Supplied records.
################
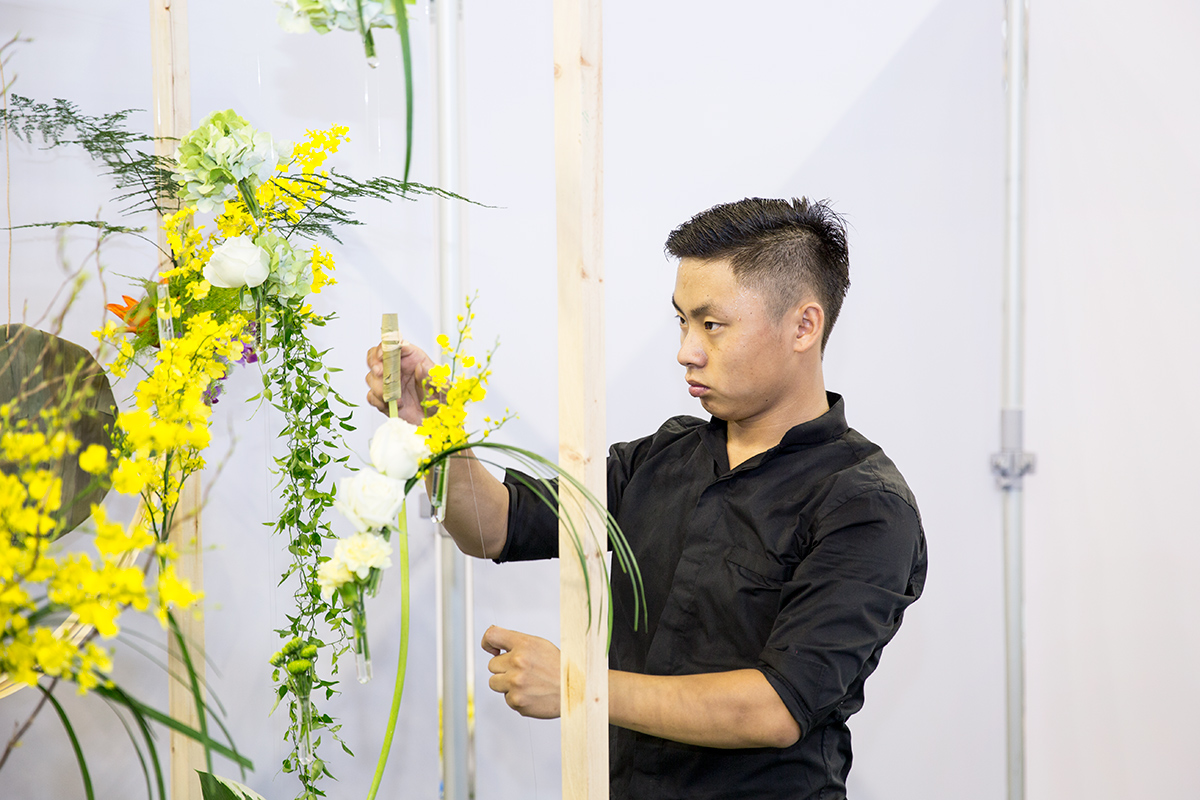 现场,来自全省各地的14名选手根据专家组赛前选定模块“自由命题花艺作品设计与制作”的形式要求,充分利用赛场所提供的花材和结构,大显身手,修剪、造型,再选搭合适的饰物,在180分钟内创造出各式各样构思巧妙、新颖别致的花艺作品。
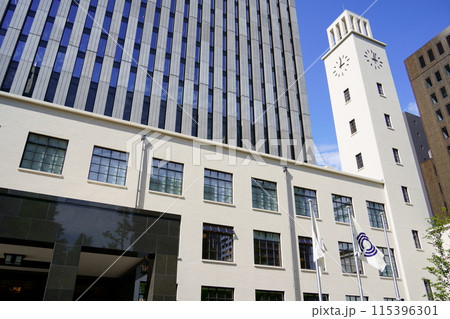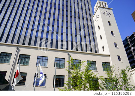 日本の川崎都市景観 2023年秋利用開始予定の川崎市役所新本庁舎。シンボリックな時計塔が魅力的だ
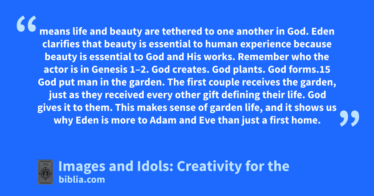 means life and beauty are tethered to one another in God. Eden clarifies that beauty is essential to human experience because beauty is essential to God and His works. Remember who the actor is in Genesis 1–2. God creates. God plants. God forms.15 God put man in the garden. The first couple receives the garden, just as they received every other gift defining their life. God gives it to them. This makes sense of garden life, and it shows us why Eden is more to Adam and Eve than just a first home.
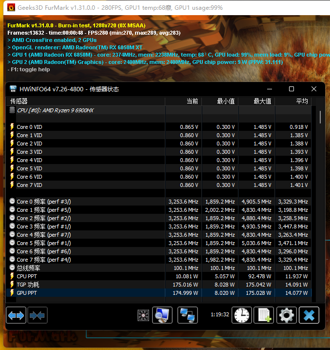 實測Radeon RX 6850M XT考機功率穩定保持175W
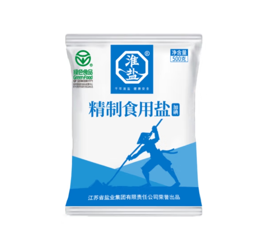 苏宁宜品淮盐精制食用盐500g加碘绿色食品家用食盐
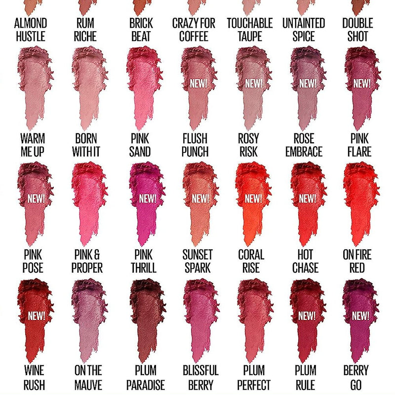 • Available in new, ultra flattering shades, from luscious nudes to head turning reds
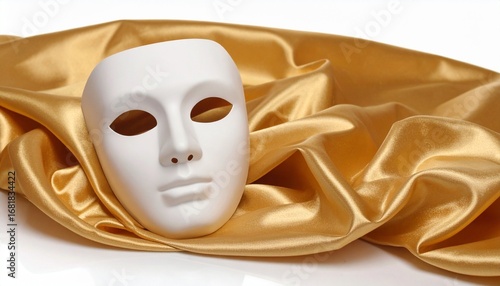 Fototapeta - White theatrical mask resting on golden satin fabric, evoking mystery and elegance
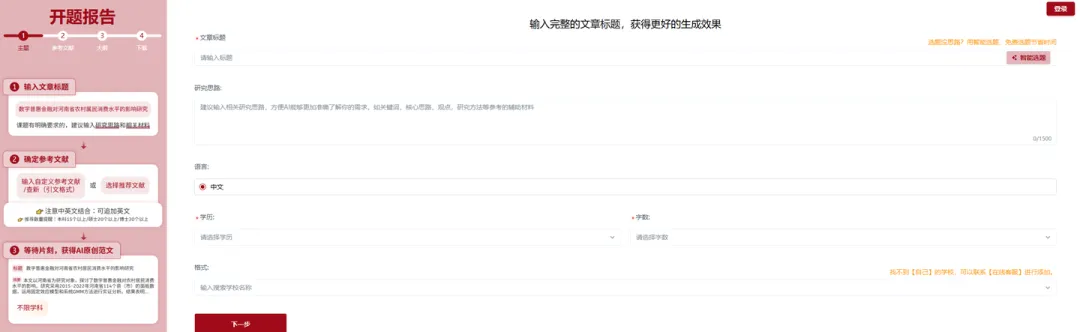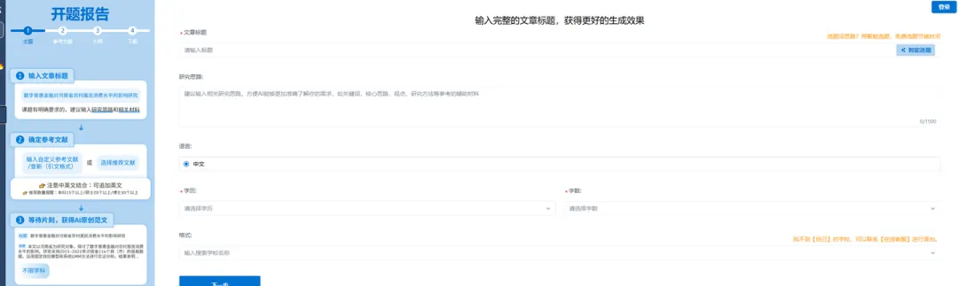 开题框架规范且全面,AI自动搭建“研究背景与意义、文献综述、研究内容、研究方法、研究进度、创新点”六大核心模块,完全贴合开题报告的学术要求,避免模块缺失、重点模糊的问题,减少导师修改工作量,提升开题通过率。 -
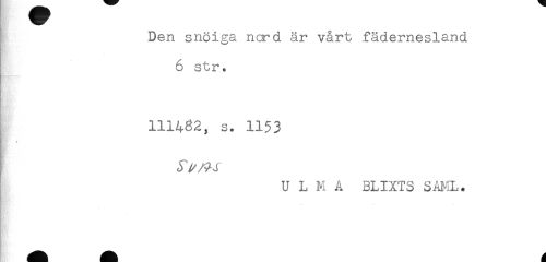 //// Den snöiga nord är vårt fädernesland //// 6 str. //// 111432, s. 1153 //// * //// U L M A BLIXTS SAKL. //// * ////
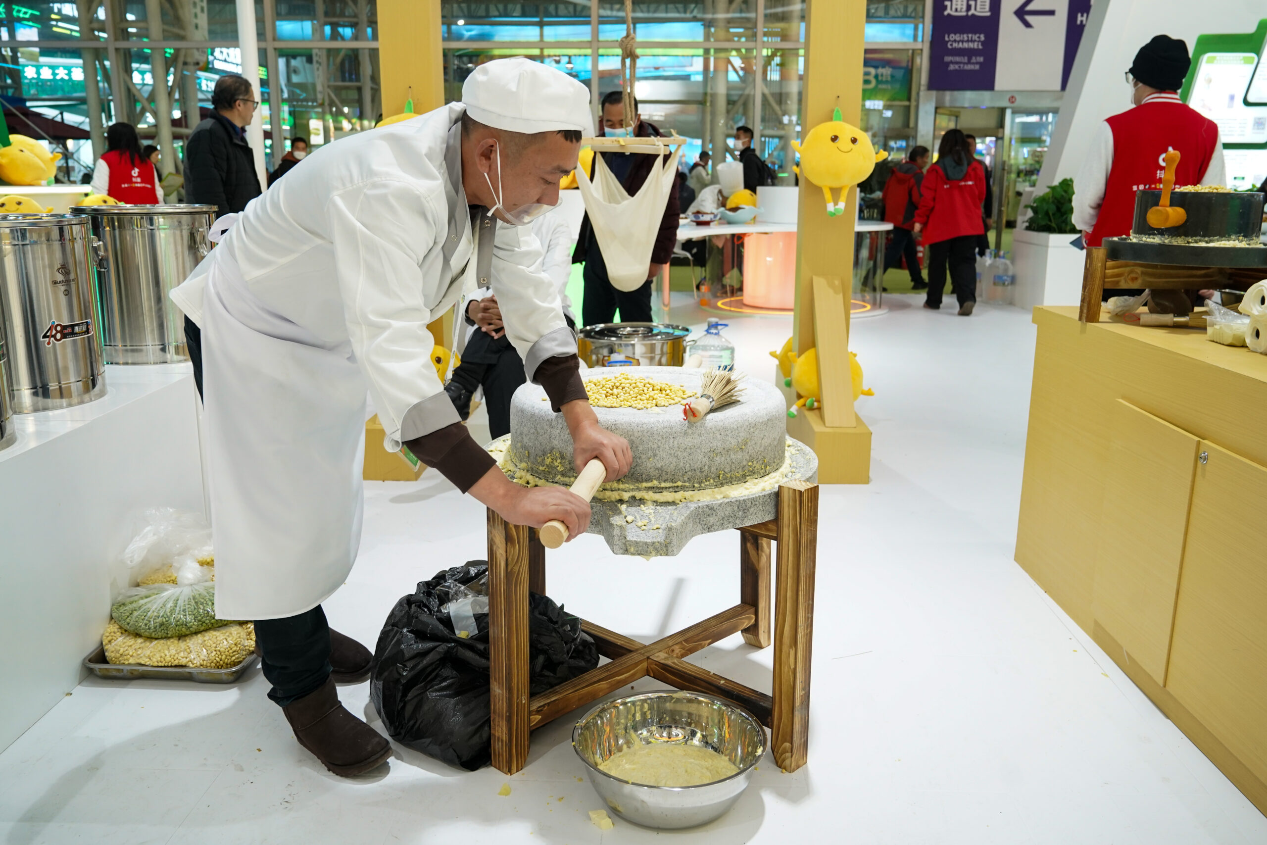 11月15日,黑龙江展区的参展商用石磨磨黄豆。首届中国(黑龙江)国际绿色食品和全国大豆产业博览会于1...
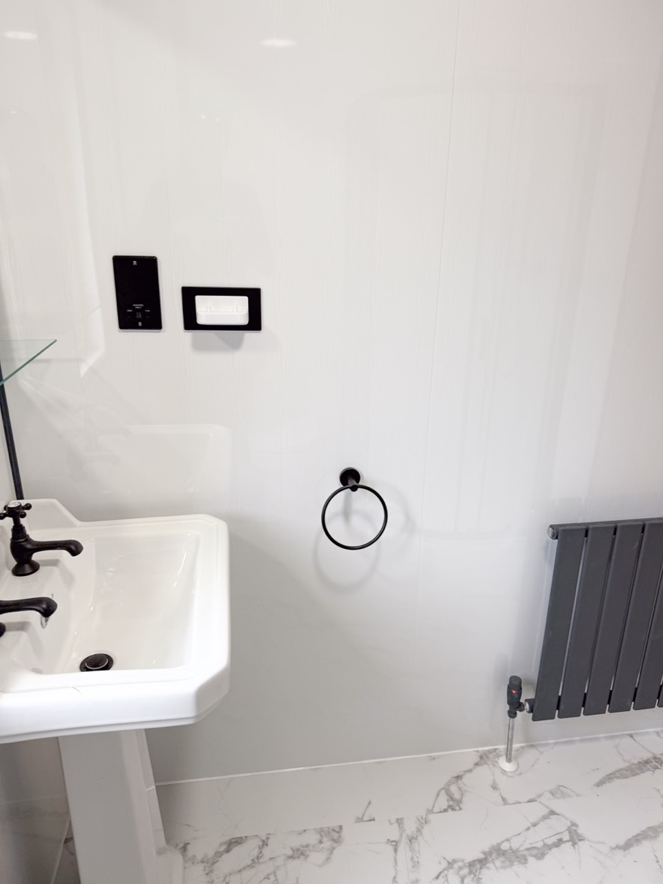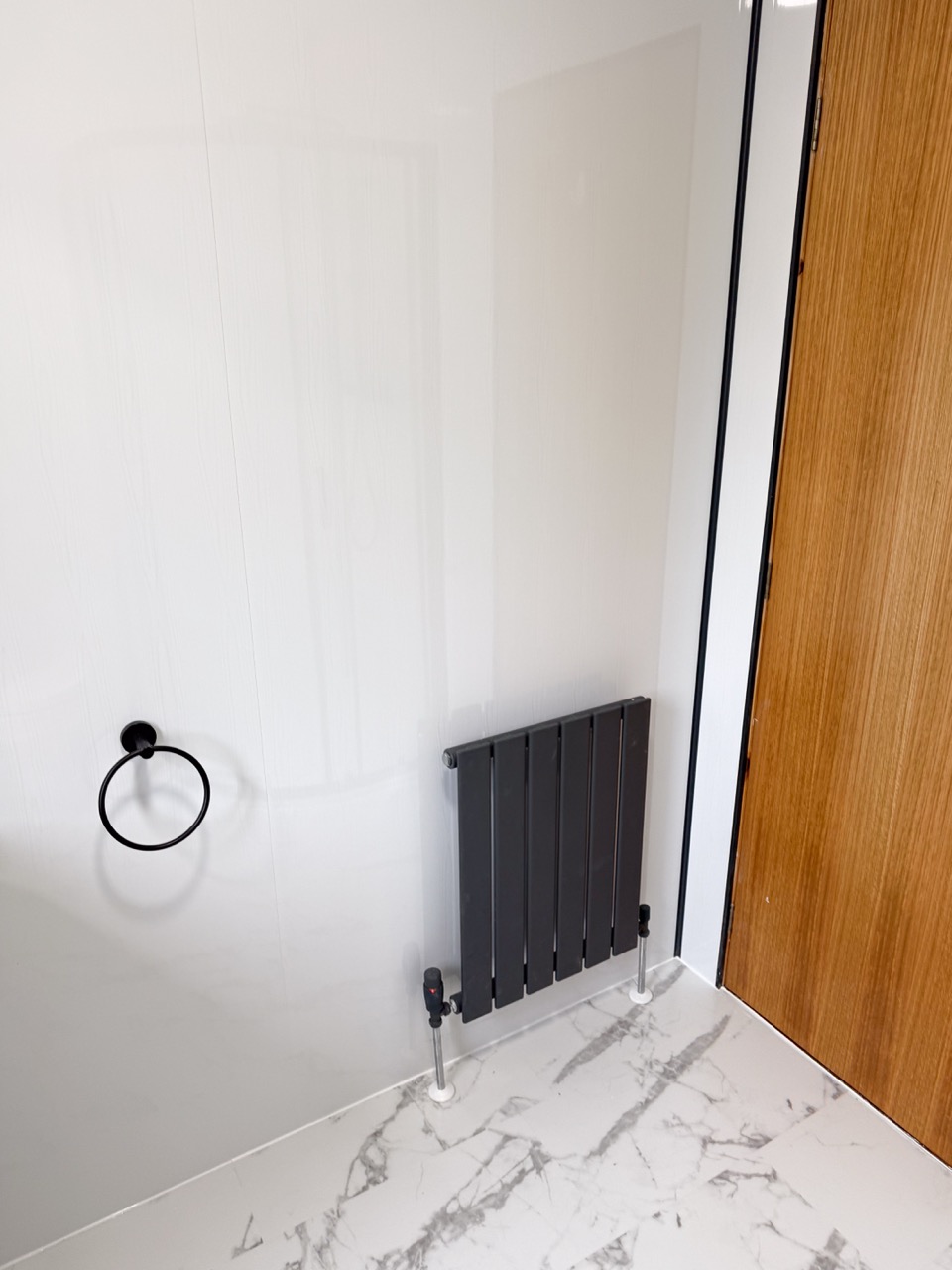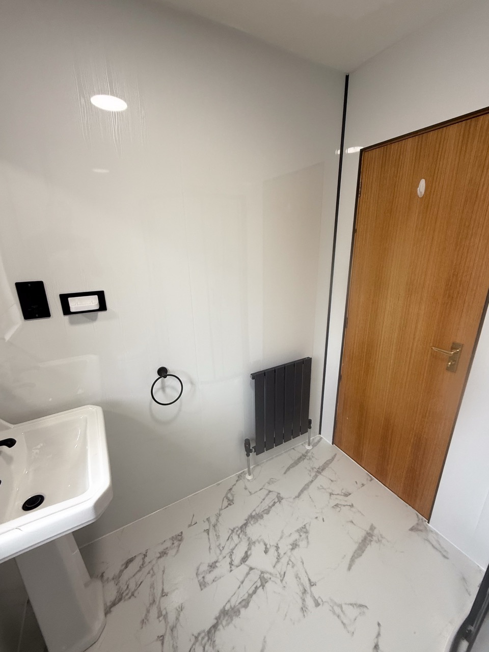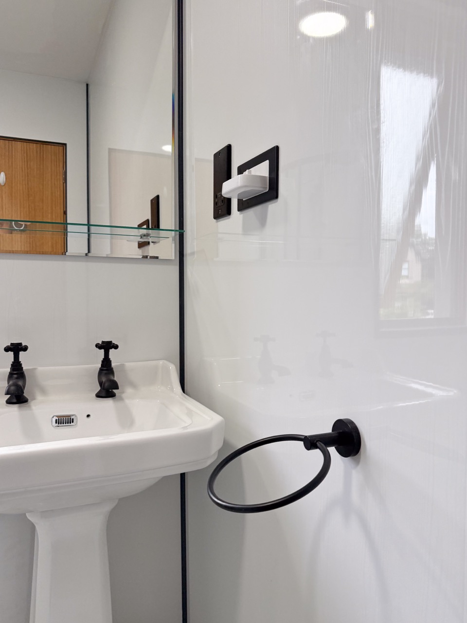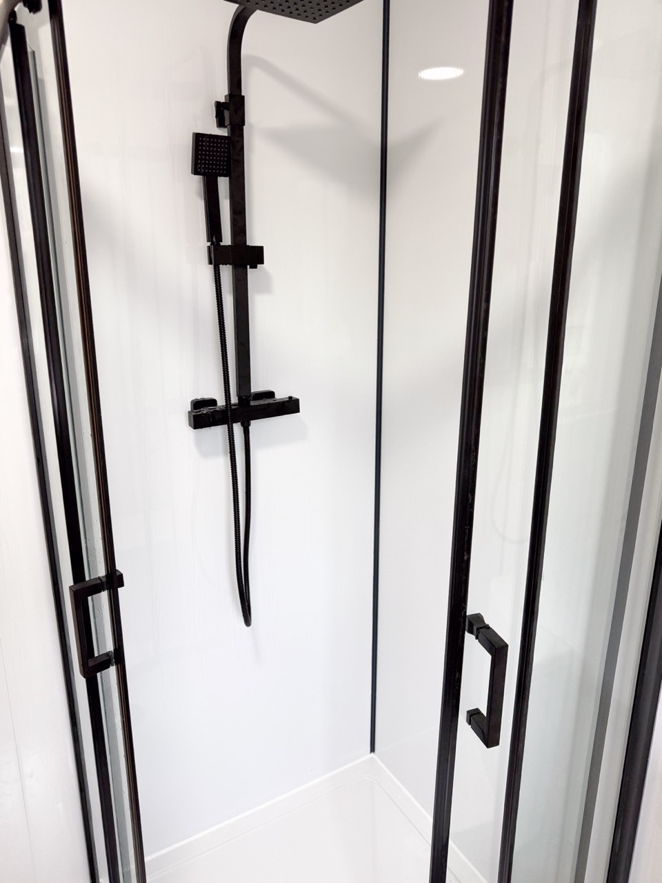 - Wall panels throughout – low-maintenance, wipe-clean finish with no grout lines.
################
To do. Would you restate, word for word and with no pictures, only the lines from the opening of the material through the line with "日本の川崎都市景観 2023", both included?

Answer below.
 现场,来自全省各地的14名选手根据专家组赛前选定模块“自由命题花艺作品设计与制作”的形式要求,充分利用赛场所提供的花材和结构,大显身手,修剪、造型,再选搭合适的饰物,在180分钟内创造出各式各样构思巧妙、新颖别致的花艺作品。
 日本の川崎都市景観 2023年秋利用開始予定の川崎市役所新本庁舎。シンボリックな時計塔が魅力的だ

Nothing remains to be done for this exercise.